To make use of the Taxonomy report, you should know that biological classification provides a hierarchical system that defines relationships for all living entities. The levels of the hierarchy are so called taxonomic ranks. These ranks are defined in Codes of Nomenclature that are curated by the self-governed international associations of scientists working in the field. The number of ranks is not specified: there is a general consensus on seven principal ranks (see below, in bold) but many subcategories exist and may be newly introduced.

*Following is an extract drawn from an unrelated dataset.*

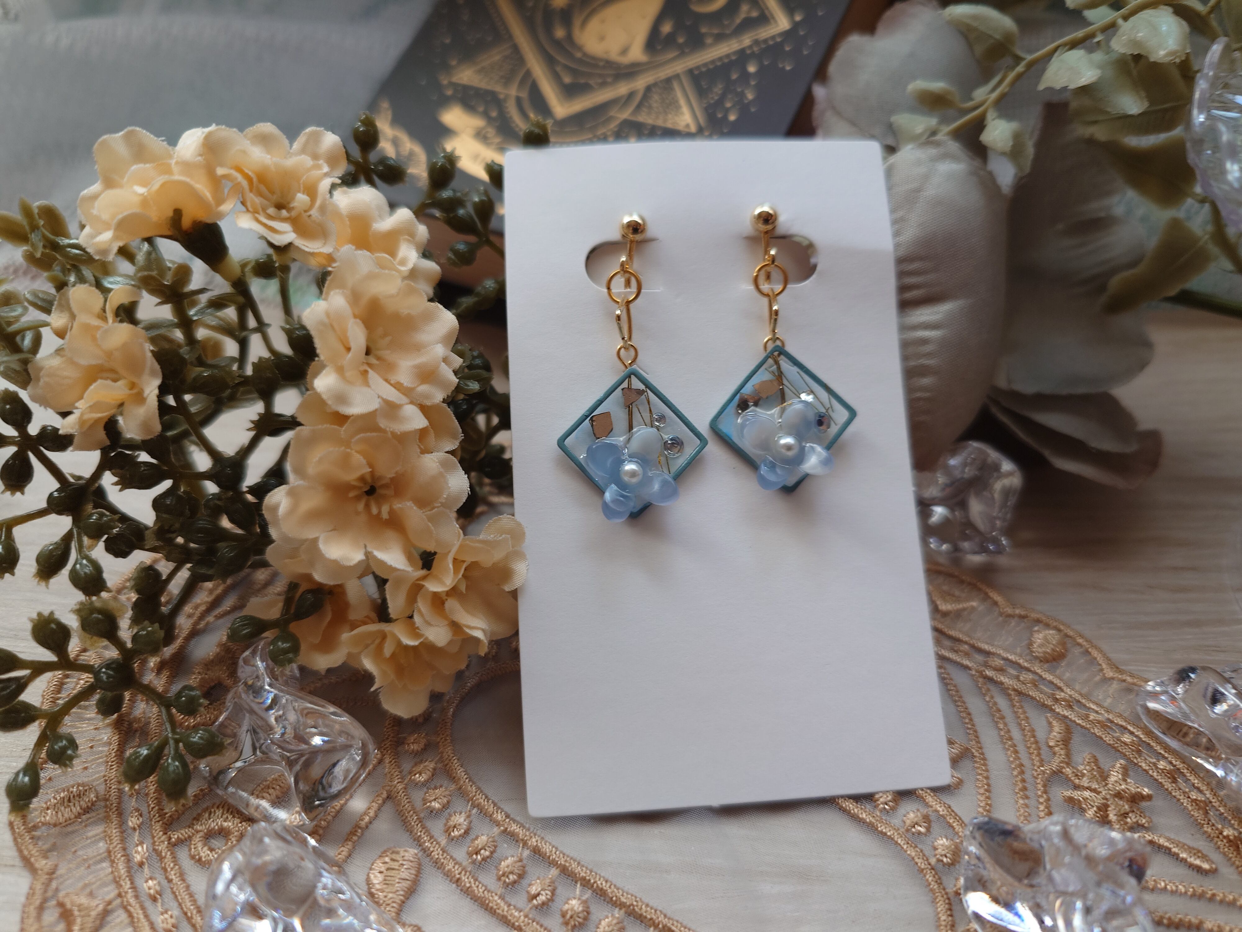 お花と額をイメージして作成したイヤリング・ピアスです。
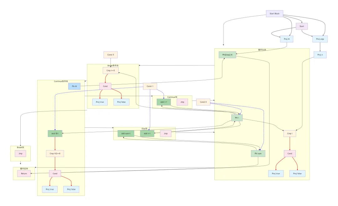 Proj true/false)指向基本块(红色实线) - 2. 跨块数据边:从源节点的数据输出到目标节点的数据输入(蓝色虚线)

It is desired–but not mandated–that ranks represent clades (a group of related species, or a "branch" of a phylogeny), and it is desired–but not madated–that the rank is sharply defined. The system is based on subjective dissimilarity. Needless to say that it is in flux. However the coarse outlines are basically stable and will serve for our purpose of identifying a number of well-distributed species from a set.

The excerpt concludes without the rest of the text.